Creating space(s) for a deliberative teaching approach would lead to change through the construction of knowledge that is not only invested in the teacher, but that occurs through the communicative action and dialogical engagement of learners. Learners then become central

to the formation of new knowledge as a social construct for learning. A change in the approach to teaching becomes essential. This lessens the marginalisation of voices and includes the contribution of knowledge and unimagined possibilities through learners. This form of contributory knowledge, as respected knowledge shapes new knowledge contributors to a changed educational discourse. According to Floden (in Burbules & Hansen 1997: 17), rather than have the responsibility of providing answers, “teachers must know how to guide classroom discussions so that the participants build appropriate, grounded understanding”. In other words, Floden (1997) claims that, in order for critical teaching to manifest itself, knowledge should not be embedded in quantifiable or structured answers provided by teachers as sole providers of knowledge. Instead, it should be constructed through creating a deliberative learning environment that constitutes a culture of renewed educational practice.

In so doing, learners construct new knowledge, guided by teachers as facilitators, to generate discussion about the acquisition of new knowledge in generating knowledge, information, ideas and interest within their social learning settings and contexts.

Classroom practice now becomes an organisation of inquiry where communicative action is constituted by individuals. Not only is communicative action constituted but also collective decision-making, where classroom discussions lead to change in classroom pedagogy. In this case, deliberation performs the critical function of providing a plausible construct for critical engagement. Creating such a teaching situation engenders and cultivates classrooms into positive social settings, where better choices and new knowledge are constructed through the voices of all who are involved in classroom and school practice.

I contend that such a reconceptualised notion of social interaction has the potential to overcome the dilemmas generated by the changing social conditions that impair teaching and learning, but contribute to “enlarged understandings of that world” (Young 2000: 112).
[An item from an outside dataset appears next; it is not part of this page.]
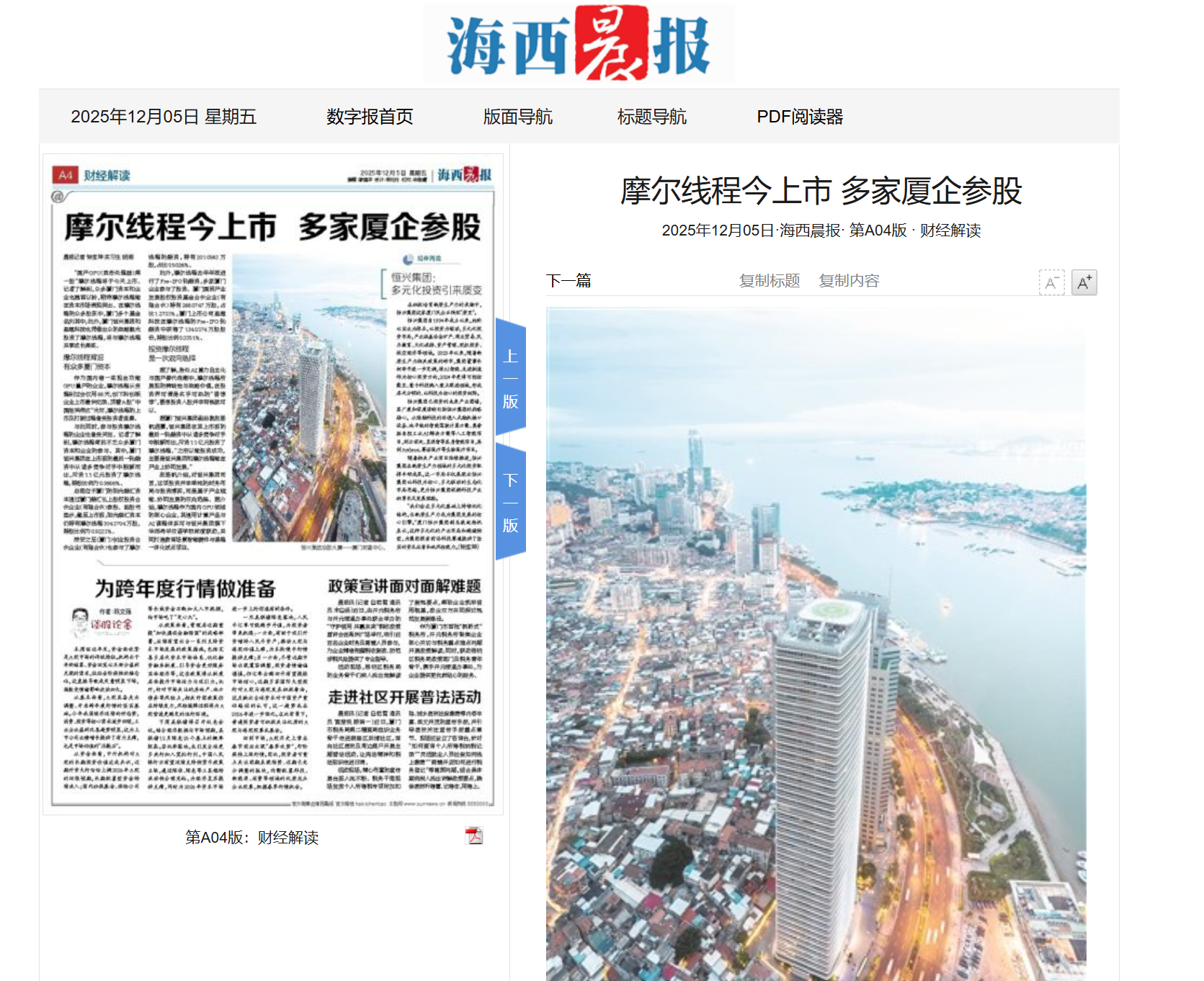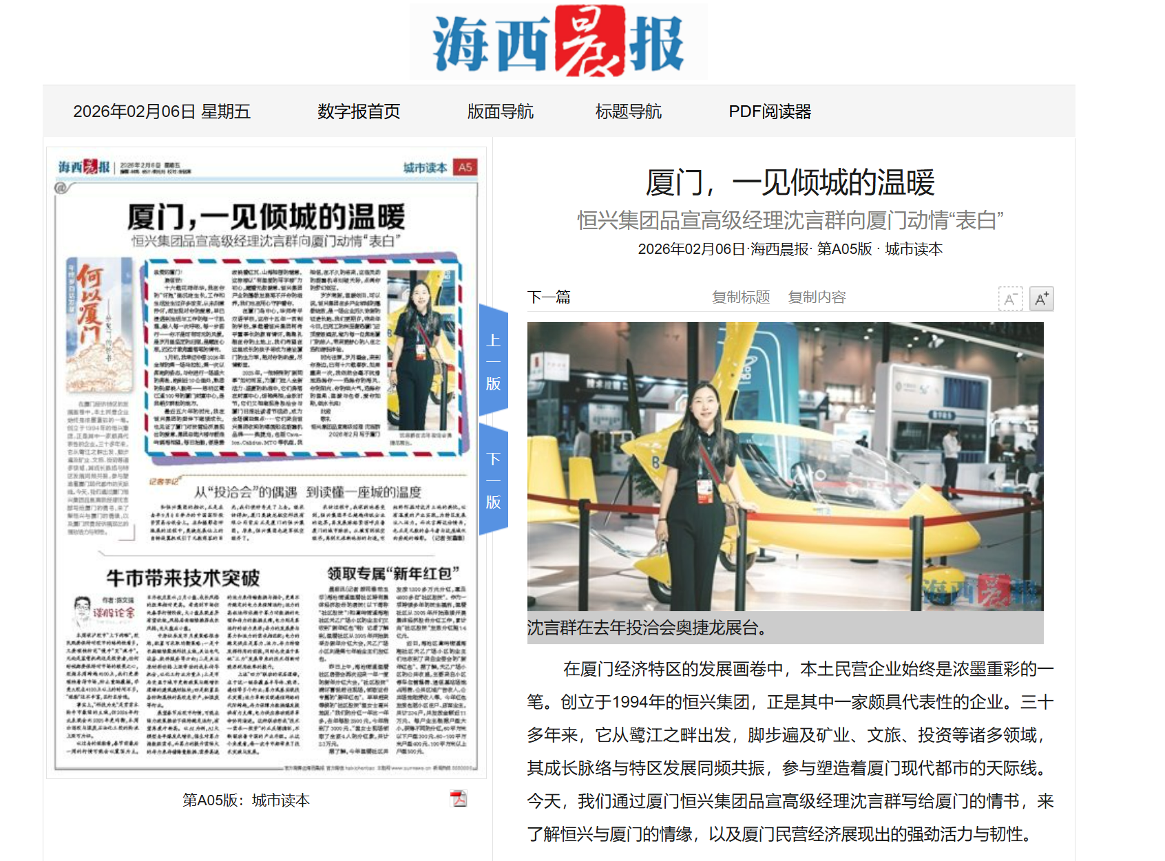 【人民政協(xié)報(bào)】2025年12月12日,人民政協(xié)報(bào)專訪柯希平文章《踩在時(shí)代的“鼓點(diǎn)”上》,刊登于第4版“委員風(fēng)采”欄目,照寧記者手記《致敬民營(yíng)企業(yè)家,致敬奮斗者》同步刊登。柯希平:第十二、十三、十四屆全國(guó)政協(xié)委員,廈門市工商聯(lián)主席,廈門恒興集團(tuán)有限公司董事長(zhǎng)。2025年11月27日,柯希平作為董事長(zhǎng)帶領(lǐng)低空經(jīng)濟(jì)知名品牌奧捷龍,參加2025亞洲通用航空展;12月3日,他以第二大股東身份,出席廈門奧普拓自控科技有限公司股東董事交流會(huì);12月5日,他以投資人身份,出席“國(guó)產(chǎn)GPU第一股”摩爾線程的上市敲鐘儀式……在新質(zhì)生產(chǎn)力賽道加速布局并收獲頗豐的柯希平,在接受記者采訪時(shí)樸實(shí)地說(shuō):“作為農(nóng)民的兒子,創(chuàng)業(yè)30多年來(lái),我走對(duì)的每一步,都是因?yàn)榫o跟了國(guó)家經(jīng)濟(jì)命脈的跳動(dòng)?!睆募缣艮r(nóng)產(chǎn)品“趕集”,到如今的商業(yè)版圖涵蓋冶金礦產(chǎn)、商業(yè)貿(mào)易、民辦教育、文化旅游、資產(chǎn)管理、股權(quán)投資等多個(gè)領(lǐng)域,柯希平的經(jīng)歷正是改革開(kāi)

Noddings (in Burbules & Hansen 1997: 29-42) claims that school education and teaching are embedded in the democratic principles of freedom and equality. In other words, political education plays a significant role in social classroom environments, because it is driven by the political objectives of social justice, renewal and redress in classrooms. With reference to John Dewey, Noddings (in Burbules & Hansen 1997: 35) speaks of preparing children for a life of rational autonomy: “Education is its own goal that we cannot create an education that

‘prepares’ children for a way of life they have not experienced in education itself”. For a

classroom education shaped by a deliberative discourse it aspires to engage learners with emancipatory thinking and actions. Such critical thinking and acting nurtures a rational autonomy within a social teaching context away from the teacher’s domination and the pressures of conformity and uniformity of teaching.